UFOs interest me. I had a sighting in 1979, and it was not a high-flying amorphous dot of light in the night sky. It was very visible, and very obviously not any kind of conventional craft open to common knowledge. I do not have an explanation for what I saw. I have speculated a lot, as is natural when faced with an unexplainable experience. I do not automatically equate UFOs with space visitors. I honestly do not know what they are, and feel good in stating my lack of knowledge clearly. I wish others would do the same. A guess is not proof. The one thing I detest more than automatically assuming these things are from outer space is that they are all hoaxes, misperceptions, or the products of overactive imaginations. Read the literature amassed over the last 70 or so years- the best of it, the rest of it, as you like- and you will see: something has really been happening something beyond the psyches of the witnesses. We don't know what, but that doesn't mean anything beyond itself. There are definite patterns, some of which have never been particularly obvious, in an "everybody knows those stories" kind of way. There are almost as many theories as there are theorists.

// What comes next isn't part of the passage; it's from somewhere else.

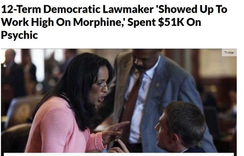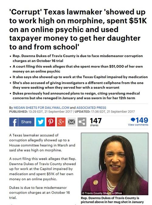 The Daily Mail's headline is, briefly, 'Corrupt' Texas lawmaker 'showed up to work high on morphine, spent $51K on an online psychic and used taxpayer money to get her daughter to and from school'.

A parting, summarizing note now. Not believing in God does not mean I believe we know everything. We most certainly do not. I think a realistic approach to things formerly and wrongly painted with the brush of "unreal" is a worthwhile thing. I do not want to believe. I want to know; to the best of my abilities, limited though they are. I'm fine leaving questions open until thoroughly answered. That's exactly as it should be. That does not remove the questions. It only challenges us to keep looking for answers.